As this post publishes itself (via the magic of WordPress), I will – if all is going according to plan – be lying on a bed in an operating theatre in a hospital deep in the Southern Suburbs (no, not that one – I want a decent chance of survival) with a highly accomplished and highly expensive surgeon delving inside me like they do on Grey’s Anatomy.
I’m not particularly looking forward to this.

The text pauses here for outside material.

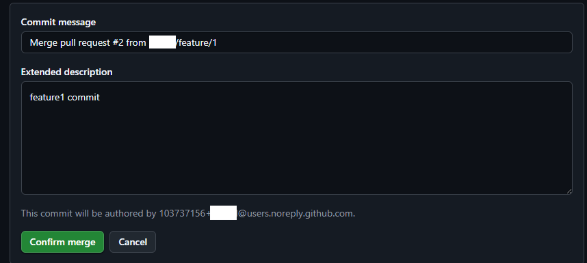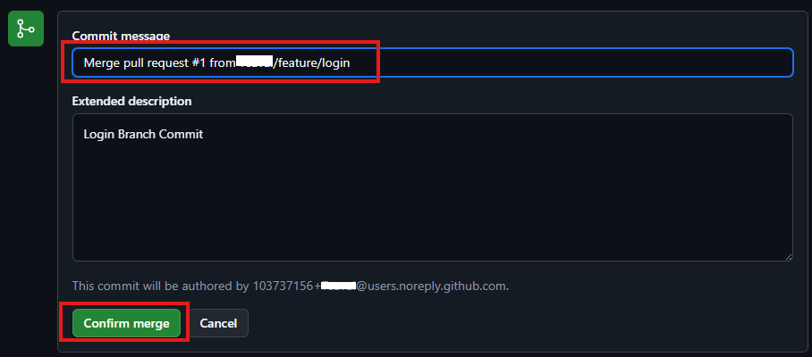 - merge > confirm >delete branch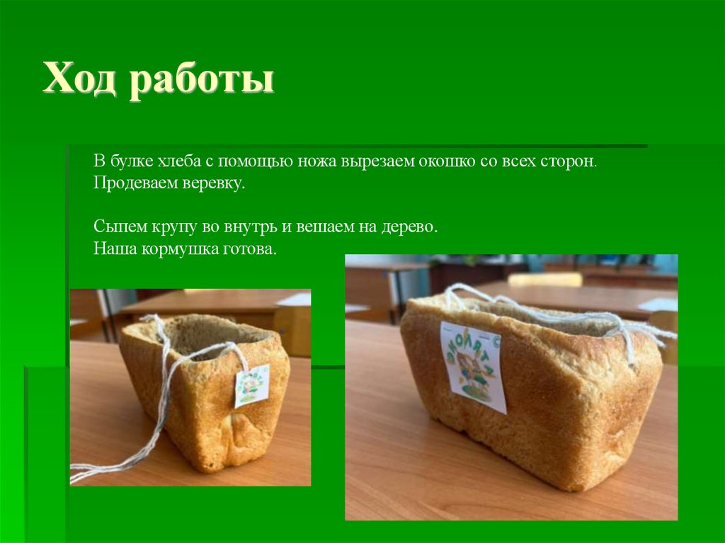 Ход работыВ булке хлеба с помощью ножа вырезаем окошко со всех сторон.

My last “proper” op was when I was 7.
The aim of this one from my point of view is twofold: it will hopefully sort out the medical issues I have had recently and it will give me a chance to flirt with the nurses on the recovery ward.
In addition, I’ll be handily placed for the local A&E department when my wife reads this.

Pre-posting this is a bit of a risk: previous pre-posts about big events backfired spectacularly. I can only hope that that incident was a one-off. I can’t afford similar disasters with today’s operation.
Although the thought has occurred to me that it would be unlikely to be cancelled because of heavy snowfall.

Anyway, I digress. Often. And this time it’s probably because of pre-op nerves. See, much like when one reads a newspaper story about an event that one witnessed and one  realises just how inaccurate the papers are, so it is with being a patient in a hospital when one has, for much of one’s life, worked in and around the medical profession. That smooth veneer of cleanliness, knowledge, professionalism and caring that you see as an outsider actually often covers a multitude of sins. I would prefer to be ignorant of these things for the next few days.
Indeed, the run up to this op has been plagued by poor service, misdiagnoses and ineptitude at virtually every step. It doesn’t fill me with confidence.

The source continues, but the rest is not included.